In order to support herself and her father, Ananya runs a watch repair store, where she meets a stranger named Andy. He comes every day to get his waterlogged watch repaired and leaves a ₹100 note in the form of an Origami swan. Andy claims to be her classmate from school and admits that he had a crush on her and had agreed to wait for 10 years to see her. She takes a liking to him and both hang out together while she attempts to deal with her creditor, Gangaram, and increasing pressure from R.K. Constructions, who want to build a resort in the area. Eventually, Ananya and Andy fall in love. However, Ananya's world shatters when she finds out that the real Andy died several years ago, and the man claiming to be him is actually an inmate at the local mental institute. The rest of the film traces the truth about the man impersonating Andy and Ananya's tribulations.

==Cast==
- Ayesha Takia as Ananya Mahadeo
- Rannvijay Singh as Andy/Abhay
- Raghubir Yadav as Ashok Mahadeo
- Tanvi Azmi as Gayatri Garg
- Anant Mahadevan as Dr. Reddy
- Gulfam Khan as Nurse Kutty
- Prateeksha Lonkar as Mrs. Raymond
- Nakul Roshan Sahdev as young Andrew Raymond

==Music==
The music for the film was composed by Tapas Relia.

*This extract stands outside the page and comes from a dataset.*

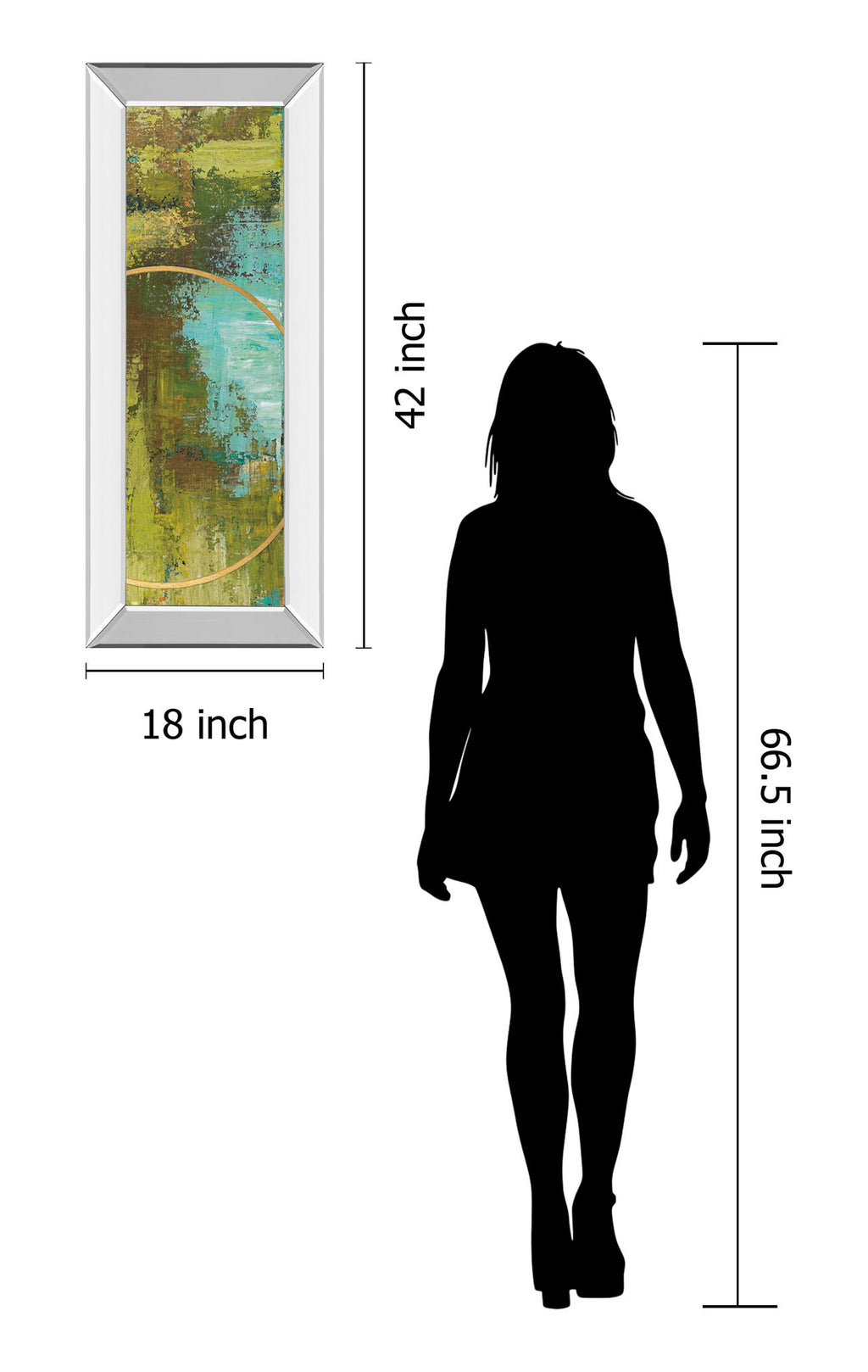 Step into a world where nature's vibrant palette meets modern abstraction with this captivating framed wall art. The piece features rich chartreuse, teal, and earthy brown tones, skillfully layered to create a textured landscape that invites contemplation. A subtle golden arc sweeps gracefully across the composition, adding elegance and fluidity to the design. Encased in a sleek mirrored frame, it reflects ambient light, enhancing the vivid colors and intricate details. Perfectly sized for vertical display, this artwork brings a fresh, sophisticated energy to living rooms or offices, effortlessly blending contemporary style with timeless charm.

| No. | Title | Singer(s) | Length |
|---|---|---|---|
| 1. | "Tu Hi Tu" | Shivam Pathak & Shreya Ghoshal | 5:32 |
| 2. | "Ai Meri Jaaniya" | Shivam Pathak | 4:14 |
| 3. | "Chand Pal Ke Hamsafar" | Shankar Mahadevan & Shreya Ghoshal | 6:20 |
| 4. | "Aaj Main Ho Gayi Jawaan" | Raghubir, Shreya Ghoshal & Hrishikesh | 4:49 |
| 5. | "Tu Hi Tu" (Unplugged) | Vijay Prakash | 4:48 |
| 6. | "Aaj Main Ho Gayi Jawaan" (Remix) | Raghubir & Shreya Ghoshal | 4:38 |
| Total length: |  |  | 29:01 |

==Reception==
Taran Adarsh of Bollywood Hungama gave the film two out of five, writing, ″Ayesha Takia Azmi sparkles yet again in MOD. A truly wonderful performance! Contrary to his image, Rannvijay is cast as a sweet, quirky, sensitive, geeky guy here. And not just the character, but also his performance takes you by surprise. He nails it right this time. Raghubir Yadav is, as always, dependable. Tanvi Azmi shines as well. Anant Mahadevan is first-rate. Rushad Rana does well. Nikhil Ratnaparkhi excels. Prateeksha Lonkar appears in a cameo. On the whole, MOD appeals in bits and spurts. That's about it!″ A. Ganesh Nadar of Rediff.com gave the film two out five, writing ″It's a lovely story with great actors, and great scenery. What screws it up is the slow movement. You really have to have patience to watch the movie or be happy just to watch Ayesha. Wish director Nagesh Kukunoor had someone to tell him that slow and steady doesn't win races any more. You have to be fast and racy. A must-see for Ayesha fans; the rest can give it a miss.″ Aniruddha Guha of DNA gave the film two out of five, writing ″Mod doesn't work in totality, but has its moments. What it does, really, is remind you of the fact that Kukunoor is a filmmaker you can't ignore. Shunning technical flamboyance, he continues to tell stories in the more conventional mould, some which work, some which don't. You can expect him to stun you in the future.″

Shubhra Gupta of The Indian Express gave the film 1.5 out of 5, writing, ″It's so obvious that Andy is not who he says he is that you wonder why Kukunoor takes so long to get to the point. But then, he needs to pause to show off all the nice waterfalls and the rocks and the winding roads. The scenery is fine only for a bit, but then gets overtaken by situations which you can see a mile off. You know that that Andy is disturbed much before the doctor (Mahadevan) pronounces his diagnosis. The reason for his being the way he is unspools with no surprises. Takia is her familiar wholesome-girl-next-door but has to shoulder too much of the film, and Rannvijay is one-tone.″ Komal Nahta, editor of Koimoi.com quoted, "Mod will not be able to score at the ticket windows" and gave it one star. Anuj Kumar of The Hindu wrote, "After Tasveer and Aashayen, Nagesh Kukunoor once again sets the mood well, but falters when it comes to taking the leap of faith. Set in a quaint hill station, Mod has some interesting characters and endearing moments, but as a whole it is a film that outlives its welcome once its central conflict becomes clear."